Perhaps try a different encoding scheme of words to integers
Hi Jason,
I have implemented the above tutorial and the code works fine with GloVe. I am so grateful abot the tutorial Jason.
but when I download GoogleNews-vectors-negative300.bin which is a pre-trained embedding word2vec it gave me this error:
File “/home/mary/anaconda3/envs/virenv/lib/python3.5/site-packages/gensim/models/keyedvectors.py”, line 171, in __getitem__
return vstack([self.get_vector(entity) for entity in entities])
TypeError: ‘int’ object is not iterable.
I wrote the code as the same as your code which you wrote for loading glove but with a little change.
‘model = gensim.models.KeyedVectors.load_word2vec_format(‘./GoogleNews-vectors-negative300.bin’, binary=True)
for line in model:
values = line.split()
word = values[0]
coefs = asarray(values[1:], dtype=’float32′)
embeddings_index[word] = coefs
model.close()
print(‘Loaded %s word vectors.’ % len(embeddings_index))
embedding_matrix = zeros((vocab_dic_size, 300))
for word in vocab_dic.keys():
embedding_vector = embeddings_index.get(word)
if embedding_vector is not None:
embedding_matrix[vocab_dic[word]] = embedding_vector
I saw you wrote a tutorial about creating word2vec by yourself in this link “https://machinelearningmastery.com/develop-word-embedding-model-predicting-movie-review-sentiment/”,
but I have not seen a tutorial about aplying pre-trained word2vec like GloVe.
please guide me to solve the error and how to apply the GoogleNews-vectors-negative300.bin pretrained wor2vec?
I am so sorry to write a lot as I wanted to explain in detail to be clear.
any guidance will be appreciated.
Best
Meysam
Perhaps try the text version as in the above tutorial?
Hi Jason
thank you very much for replying, but as I am weak at the English language, the meaning of this sentence is not clear. what do you mean by “try the text version”??
in fact, GloVe contains txt files and I implement it correctly but when I wanna run a program by GoogleNews-vectors-negative300.bin which is a pre-trained embedding word2vec it gave me the error and also this file is a binary one and there is no pre-trained embedding word2vec file by txt prefix.
can you help me though I know you are busy?
Best
Meysam
You are using the binary version of the glove file (.bin). Try downloading and using the text version instead.
You can get .txt versions here:
https://nlp.stanford.edu/projects/glove/
How can we use pre-trained word embedding on mobile?

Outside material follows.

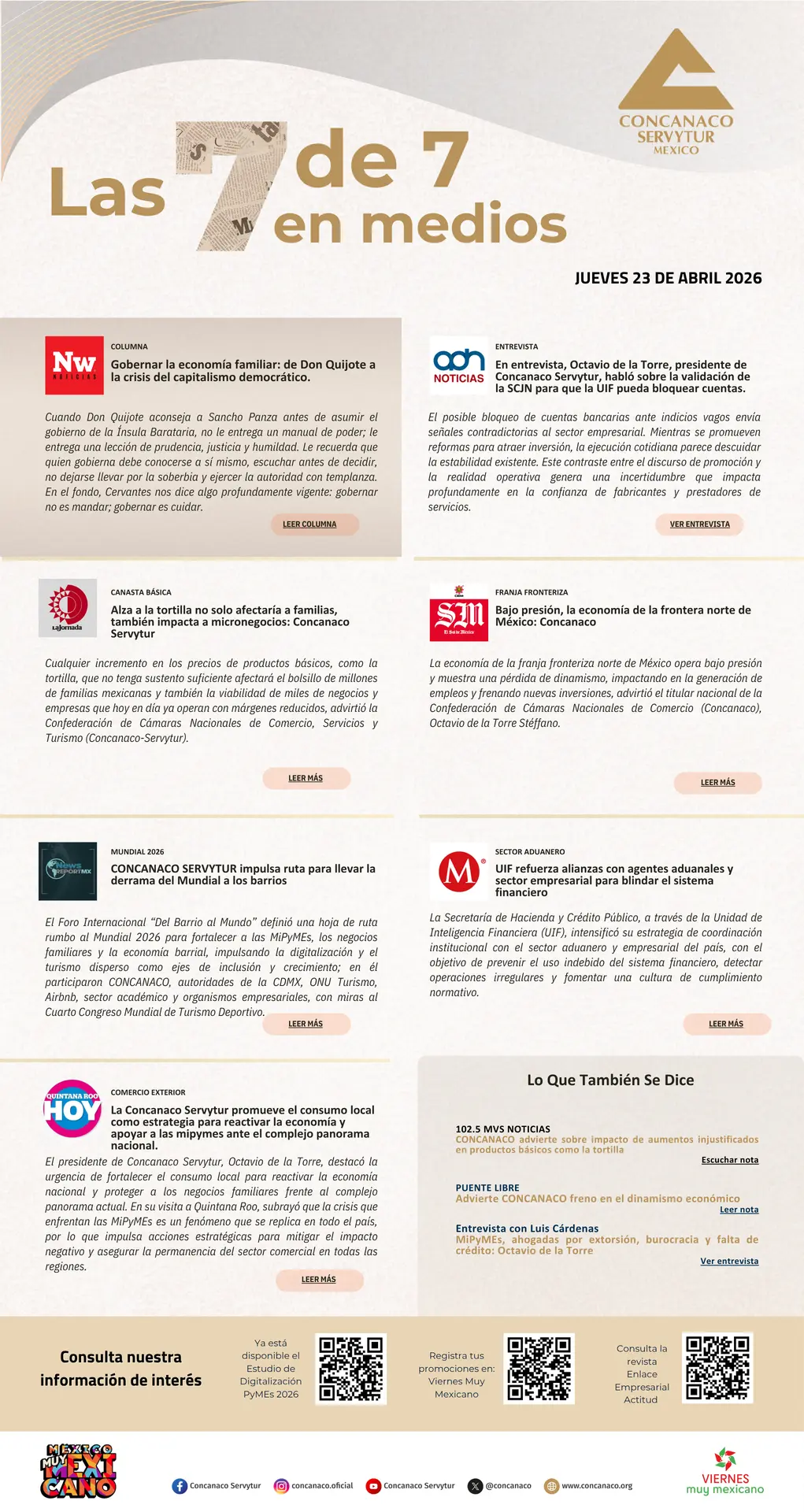 El presidente de la Concanaco Servytur, Octavio de la Torre de Stéffano, destacó la urgencia de fortalecer el consumo local para reactivar la economía nacional y proteger a los negocios familiares frente al complejo panorama actual. En su visita a Quintana Roo, subrayó que la crisis que enfrentan las MiPyMEs es un fenómeno que se replica en todo el país, por lo que la Confederación impulsa acciones estratégicas para mitigar el impacto negativo y asegurar la permanencia del sector comercial en todas las regiones.

I don’t see why not, other than disk/ram size issues.
Great post! What changes are necessary if the labels are more than binary such as with 4 classes:
labels = array([2,1,1,1,2,0,-1,0,-1,0])
?
E.g. instead of ‘binary_crossentropy’ perhaps ‘categorical_crossentropy’?
And how shold the Dense layer change?
If I use: model.add(Dense(4, activation=’sigmoid’)), I get an error:
ValueError: Error when checking target: expected dense_1 to have shape (None, 4) but got array with shape (10, 1)
thanks for your work!
I believe this will help:
https://machinelearningmastery.com/faq/single-faq/how-can-i-change-a-neural-network-from-regression-to-classification
thanks! also using keras’s to_categorical to discretize the labels was necessary.
one more question: is there a simply way to create the Tokenizer() instance, fit it, save it, and then extend it on new documents? Specifically, so that t.fit_on_texts( ) can be updated on new data.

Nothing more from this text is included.